Councillors have rejected a revised traffic management scheme for INEOS’s shale gas site at Harthill in Rotherham – against the advice of officials.
The company’s proposals were made public within days of the start of next week’s public inquiry on the site.
INEOS has appealed over what it said was an unacceptable delay in the decision on its application to drill and test an exploratory shale gas well at Common Road, Harthill.
Rotherham Council’s planning board voted unanimously in January to oppose the application at the public inquiry. They said the proposals were unacceptable on highway safety and ecological grounds.
But as arrangements for the inquiry were being finalised, INEOS submitted changes to the proposed traffic management scheme.
The new scheme included new passing places on the proposed lorry route and the additional use of stop-go boards and banksmen to control vehicle movements. The company also dropped plans for a traffic regulation order to take control of the local road network when it wanted to bring in vehicles.
The revisions were added as an emergency item to today’s planning board meeting at Rotherham Town Hall.
The council’s highway officer, Ian Ferguson, told the meeting:
“Taking this package of measures, together with the temporary nature of the works, I have no choice but to withdraw my objection on road safety grounds.”
The board was recommended to drop its opposition to the scheme on highway safety grounds at the inquiry which begins on Tuesday (24 April 2018).
But members voted by eight to three to maintain their traffic objections.
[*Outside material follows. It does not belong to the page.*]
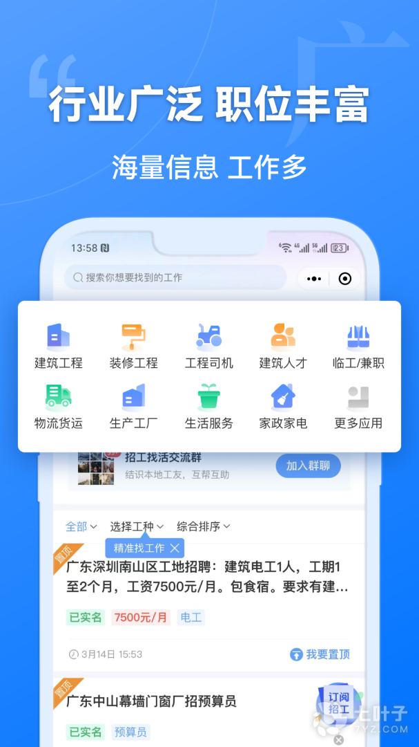 查看项目招工信息资源,工人可以在此查看企业的招聘信息
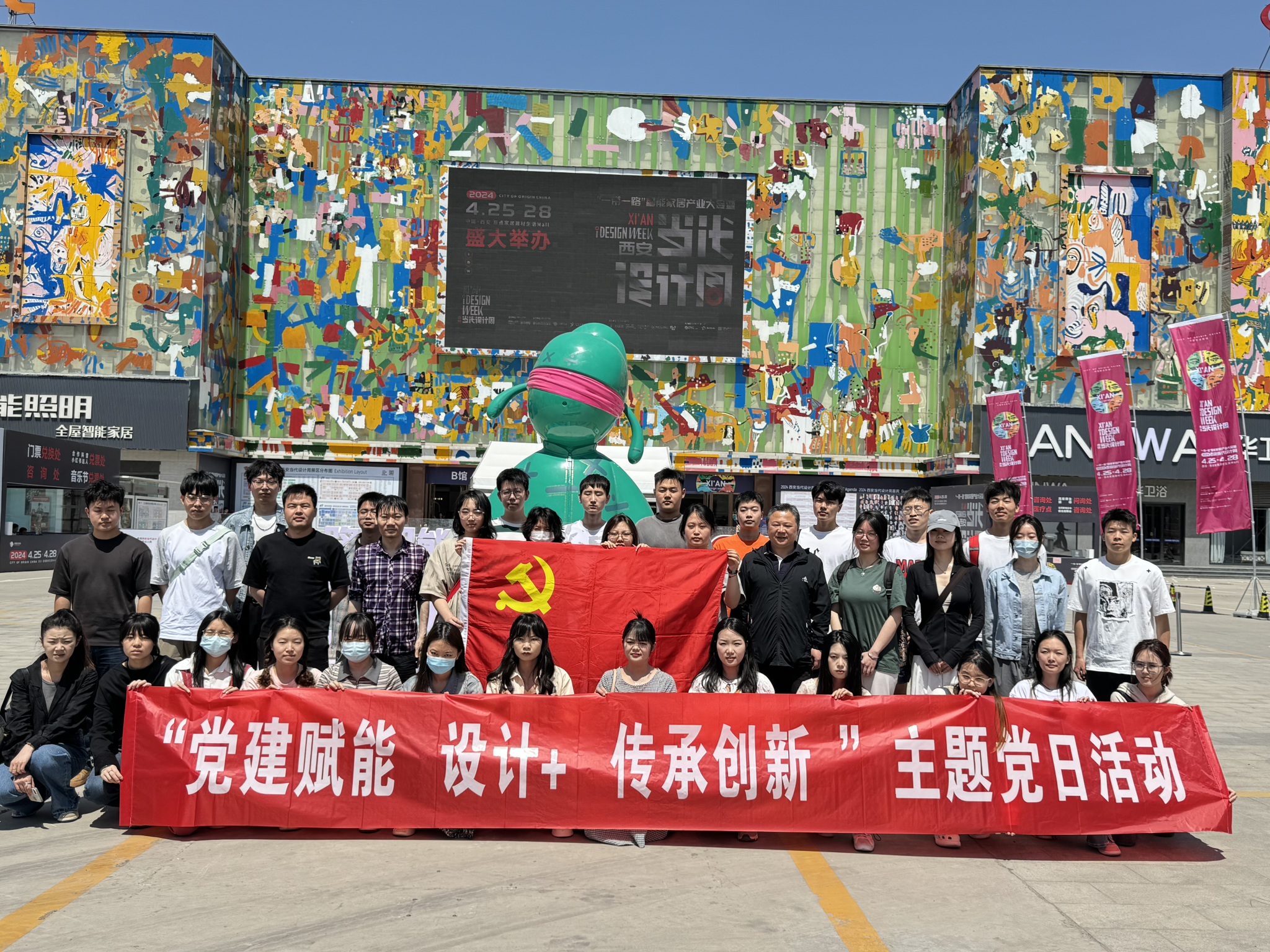 学工办主任蔡洋、辅导员束坤翼带领学院党员代表及第二十期入党积极分子40余人开展“党建赋能  设计+  传承创新”主题党日活动,师生前往咸阳市泾阳县参观2024西安当代设计周展览并听取报告。

The local councillor, Dominic Beck, described it as “shameful” that INEOS had not sent a representative to the meeting.
INEOS had said the proposals would provide a long-lasting community benefit. But Cllr Beck said:
“No it won’t. The local community don’t want more passing places because what’s going to happen for these passing places to be implemented is for ancient hedgerows, local habitats and local ecology to be depleted even further.
“The local community does not need more passing places that will be retained after the drilling has taken place. To call it a betterment is just a sop.”
He said the new measures assumed the banksmen and stop-go boards would be in place when needed. “It’s just not good enough”, he said, adding:
“I hope the inspector will see this as a desperate attempt to try to develop Harthill for hydraulic fracturing at the site that is being considered. I think it is shameful.”
The meeting also heard from Harthill Against Fracking and Friends of the Earth, who had both opposed the original proposals.
Deborah Gibson, of Harthill Against Fracking, said:
“To the community, this sounds like a desk-top discussion. We have to live with this. The changes that appellant has made make no difference to the quality of life and the usability of the roads.”
Richard Dyer, of Friends of the Earth, said:
“There is good reason to be sceptical that any planning conditions would be adhered to. It is not uncommon that conditions entered into by local authorities in good faith with the best intentions are simply ignored in practice.”
One board member, Cllr Jennifer Whysall, INEOS accused the company of treating the authority with contempt. “It is despicable, desperation”, she said.
She described the proposals as “haphazard” and an “Elastoplast”. She said the proposed passing places would be “very dangerous for a lot of people”.
Cllr Jenny Andrews said of the new scheme:
“It highlights the unsuitability of the road if they have to put in all these passing places.”
Cllr Bob Walsh was the only board member to speak in favour of the scheme. He said:
“It just about works. Because it is temporary, I don’t think we can sustain it as an objection.”
The planning board agreed that Mr Ferguson would represent their views at the inquiry. It is expected that the inquiry inspector will deal with the issue at the opening and that an adjournment is possible.
The inquiry is likely to hear from INEOS, Harthill Against Fracking, and local residents, as well as Rotherham Council.
After the meeting, Friends of the Earth said:
“Well done Rotherham Council for again standing up to INEOS, the majority of Councillors, quite rightly, were unconvinced by INEOS’ last minute, sticking plaster solutions to the major traffic impacts that this test drill will impose on Harthill. We look forward to supporting the Council’s position at the Public Inquiry into INEOS’ plans starting on Tues 24th April”.